The Ignorance Of Media Outlets


While my heart goes out to the people affected of the bombing of Oslo and the horrible shooting at Utoya, I’m at the same time upset because of the coverage surrounding the man behind these attacks. Actually, I’m not just upset, I’m furious.This isn’t just because the media outlets were quick to propose that the attacks were linked to Islamic terrorists. Jumping the gun like that is just pure ignorance and stupidity, and hopefully people will learn that terrorism isn’t something that only springs from Islamic parts of the world. However, the reason I’m writing this is the fact that media outlets have linked the shooter to Modern Warfare 2. Why is this necessary information? Danish media describes the game as “a game where you can choose to shoot civilians”, which is accurate, but completely unimportant in this case. I’d even say it’s downright frivolous.

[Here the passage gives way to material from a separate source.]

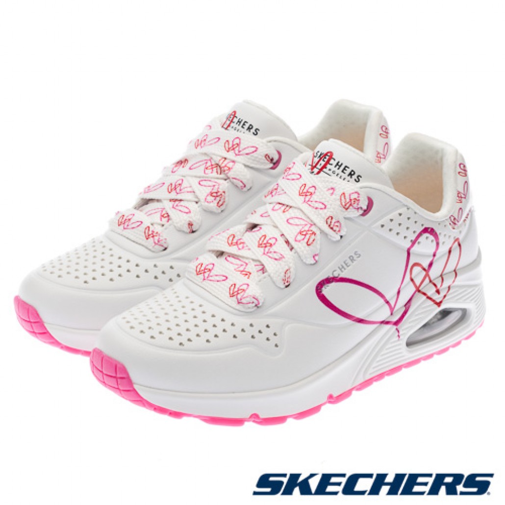 UNO系列,街頭時尚氣墊運動鞋。深受年輕人喜愛的國際知名街頭藝術家 James Goldcrown,因其經典代表作彩色愛心塗鴉 Lovewall 而聞名享譽全世界。這次在 Skechers X JGoldcrown 合作中將其標誌性的#Lovewall心形設計帶入鞋款,推出色彩繽紛、個性前衛的聯名鞋款。

It may be seen as a rather small detail, but to people, who have no idea about games and especially Modern Warfare 2, this only fuels their hatred towards video games and their so-called contribution to violence. By mentioning the game to thousands of readers, whether they did it on purpose or simply felt the need to give out as many details about the shooter as possible, the media takes an unnecessary stance towards video games, which may prove completely ridiculous. Once again ignorance reigns, but it’s the games industry that takes the blow.

Now I may be joining the masses drawing conclusions too fast, seeing as the connection to Modern Warfare 2 hasn’t been fully followed up on (yet) by international media outlets, but it’s important to stop the crusade against video games, before it even starts. In no way whatsoever can Modern Warfare 2 be held accountable for even the slightest part of the nightmare that Norway or any other country go through at a time like this. That a deranged man likes to play a FPS in his sparetime shouldn’t even be mentioned, when more pressing concerns (like the deaths of 84 kids) should be the center of our attention.

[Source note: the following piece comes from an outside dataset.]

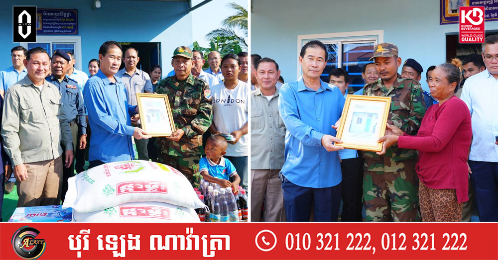 ផ្ទះថ្មីដ៏រឹងមាំ ចំនួន២ខ្នង ជាអំណោយដ៏ថ្លៃថ្លារបស់ សម្តេចបវរធិបតី ហ៊ុន ម៉ាណែត និងលោកជំទាវបណ្ឌិត ពេជ ចន្ទមុន្នី តាមរយៈសប្បុរសជន ត្រូវបានប្រគល់ជូនគ្រួសារវីរយុទ្ធជនជួបការលំបាក ក្នុងស្រុកបាកាន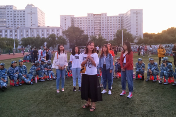 晚上6时,新生团体辅导开始,员工组织干部按照事先分好的小组开展活动。首先,员工组织干部与新生进行了游戏,团体辅导的游戏有滚雪球,揉捶背等,通过游戏环节,活动的氛围热烈了起来。然后2019级新同学进行了个人才艺表演、团体合唱。操场上欢歌笑语,气氛十分融洽。最后,新生们与员工组织干部一起聊天,初步了解了自己的专业以及员工组织部门的情况。

4 thoughts on “The Ignorance Of Media Outlets

  1. I agree that Modern Warfare 2 is hardly to blame for these tragic events and that a “crusade” (?) against video games would be anything but desirable.

    It does however seem as if you – knowingly – are manning your defenses before an attack has even been declared by your enemy. Is this necessarily wise?

    1. You could argue it’s not wise, but the fact is that once video games have been mentioned in connection with violence, people will jump on it without giving it some thought. We’ve seen it before, and we’ll probably see it again, which is why I’m “manning my defenses”. It may not be a full-blown attack by the media, as I said it might not even be deliberate that they mention MW2, but we might as well voice our concern before it becomes somewhat of a scapegoat.

  2. How then, would you propose the media outlets goes around stirring up trouble as they write? I suppose you’re not ignorant enough to believe, that journalists chop out news from their chivalrous hearts, as the good samatarians they are.

    As you’ve said, mentioning videogames in relation to a violent incident will make certain members of society go bullocks which may be the exact purpose of mentioning it at all.
    If that was indeed the purpose, then I’d say whoever mentioned it is a very clever one. After all, he or she did only mention it knowing that it may trigger a chain reaction, luring whatever foolish “experts” to relate this to school-shooting incidents, where investigators are prone to find a shooting game in the culprits room. Maybe a World of Warcraft account also, but we won’t mention that ever, will we.

    So, you have a lot of shooting incidents, this one more violent than your typical teenage weirdo going bananas, and the only point in common is a violent videogame. (Another one is, that they are all filthy males, but mentioning that is just out of our minds, right?)

    Whoever mentioned MW2 had a duty to do so, in order to get away from writing about global warming or whatever dead-beaten horse we’ve all read about centuries ago, and yadayadayada.

    But, even if we all have different opinions on this matter, there is no denying the fact, that a violent videogame is a common denominator.
    This means someone, deliberately or not, made a connection using videogames. You don’t like the idea, and that’s fine. It seems to me, however, that your view on this matter is too narrow.
    Now, I realize you have a passion for games and subsequently are sensitive to what can be viewed as anti-game thought, but only denying whatever “theories” people can come up with and get frustrated and denounce the crazy idea of MW2 having the slightest part in that incident, without a proper view of the situation, is no more different than a kid whining about the parents turning off the TV.
    Why should they not mention MW2? Relevant of not, it’s a fact. If I remember correctly, a lot of other things were also mentioned, one being that the culprit is an active participant of extreme rightwing idealism, a fact that the media seems a lot more interested in writing about.
    I don’t follow up on scandinavian newspapers, so maybe it’s a big deal in Norway and Denmark, but in the rest of the world, people aren’t really hearing about MW2s participation in this, which leads me to believe, that at this point games are not going to become scapegoats. At least not outside Scandinavia.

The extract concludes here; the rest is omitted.